### [Task data]
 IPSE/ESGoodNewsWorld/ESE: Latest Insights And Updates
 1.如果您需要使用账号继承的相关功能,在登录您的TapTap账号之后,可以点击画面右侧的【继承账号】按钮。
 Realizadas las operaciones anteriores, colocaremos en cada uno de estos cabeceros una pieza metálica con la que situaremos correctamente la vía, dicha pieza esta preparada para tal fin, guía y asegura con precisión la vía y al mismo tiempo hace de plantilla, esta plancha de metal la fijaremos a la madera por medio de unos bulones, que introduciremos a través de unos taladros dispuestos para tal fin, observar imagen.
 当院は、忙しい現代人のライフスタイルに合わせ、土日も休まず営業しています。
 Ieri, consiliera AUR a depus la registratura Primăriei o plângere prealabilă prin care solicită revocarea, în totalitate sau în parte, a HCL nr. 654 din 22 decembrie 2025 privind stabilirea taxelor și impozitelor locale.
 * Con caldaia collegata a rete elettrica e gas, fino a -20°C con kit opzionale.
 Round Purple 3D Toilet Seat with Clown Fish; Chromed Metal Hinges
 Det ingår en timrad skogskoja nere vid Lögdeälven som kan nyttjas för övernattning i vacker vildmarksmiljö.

...

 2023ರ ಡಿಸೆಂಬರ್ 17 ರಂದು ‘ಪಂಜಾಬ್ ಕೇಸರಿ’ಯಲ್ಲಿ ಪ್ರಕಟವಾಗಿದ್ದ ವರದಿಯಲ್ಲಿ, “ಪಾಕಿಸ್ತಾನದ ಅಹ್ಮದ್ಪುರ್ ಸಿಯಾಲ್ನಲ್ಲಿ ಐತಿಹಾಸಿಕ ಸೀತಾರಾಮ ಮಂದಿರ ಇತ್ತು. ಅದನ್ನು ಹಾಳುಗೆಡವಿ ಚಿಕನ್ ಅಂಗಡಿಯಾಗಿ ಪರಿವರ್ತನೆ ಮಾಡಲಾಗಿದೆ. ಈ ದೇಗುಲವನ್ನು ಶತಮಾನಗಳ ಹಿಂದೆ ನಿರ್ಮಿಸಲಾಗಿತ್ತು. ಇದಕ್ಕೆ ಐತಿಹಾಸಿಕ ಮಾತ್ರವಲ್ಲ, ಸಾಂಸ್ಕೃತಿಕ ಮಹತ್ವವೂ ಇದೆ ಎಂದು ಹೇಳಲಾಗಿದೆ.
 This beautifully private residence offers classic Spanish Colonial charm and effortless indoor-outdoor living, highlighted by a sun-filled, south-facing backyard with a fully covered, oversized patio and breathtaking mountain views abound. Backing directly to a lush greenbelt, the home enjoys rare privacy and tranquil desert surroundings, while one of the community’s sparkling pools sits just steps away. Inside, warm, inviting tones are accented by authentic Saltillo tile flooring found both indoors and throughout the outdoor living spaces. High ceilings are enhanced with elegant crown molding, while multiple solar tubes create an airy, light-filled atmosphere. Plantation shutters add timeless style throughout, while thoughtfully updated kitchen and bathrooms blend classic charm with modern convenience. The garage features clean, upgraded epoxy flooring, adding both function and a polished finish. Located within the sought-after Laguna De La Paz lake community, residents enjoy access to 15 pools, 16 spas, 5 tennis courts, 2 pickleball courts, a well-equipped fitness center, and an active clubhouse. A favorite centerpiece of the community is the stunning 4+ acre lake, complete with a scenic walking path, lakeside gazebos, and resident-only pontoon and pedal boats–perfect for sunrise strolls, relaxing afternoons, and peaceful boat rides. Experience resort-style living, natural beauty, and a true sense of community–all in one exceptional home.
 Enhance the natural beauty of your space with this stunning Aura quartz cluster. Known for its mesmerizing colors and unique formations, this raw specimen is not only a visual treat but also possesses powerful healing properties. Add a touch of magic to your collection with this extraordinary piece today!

### [What you should do]
Where the listing above reaches the line that contains "IPSE/ESGoodNewsWorld/ESE: Latest Insights", start retyping, and finish with the line that contains "Det ingår en"; reproduce those lines exactly and no others.

### [Exercise solution]
 IPSE/ESGoodNewsWorld/ESE: Latest Insights And Updates
 1.如果您需要使用账号继承的相关功能,在登录您的TapTap账号之后,可以点击画面右侧的【继承账号】按钮。
 Realizadas las operaciones anteriores, colocaremos en cada uno de estos cabeceros una pieza metálica con la que situaremos correctamente la vía, dicha pieza esta preparada para tal fin, guía y asegura con precisión la vía y al mismo tiempo hace de plantilla, esta plancha de metal la fijaremos a la madera por medio de unos bulones, que introduciremos a través de unos taladros dispuestos para tal fin, observar imagen.
 当院は、忙しい現代人のライフスタイルに合わせ、土日も休まず営業しています。
 Ieri, consiliera AUR a depus la registratura Primăriei o plângere prealabilă prin care solicită revocarea, în totalitate sau în parte, a HCL nr. 654 din 22 decembrie 2025 privind stabilirea taxelor și impozitelor locale.
 * Con caldaia collegata a rete elettrica e gas, fino a -20°C con kit opzionale.
 Round Purple 3D Toilet Seat with Clown Fish; Chromed Metal Hinges
 Det ingår en timrad skogskoja nere vid Lögdeälven som kan nyttjas för övernattning i vacker vildmarksmiljö.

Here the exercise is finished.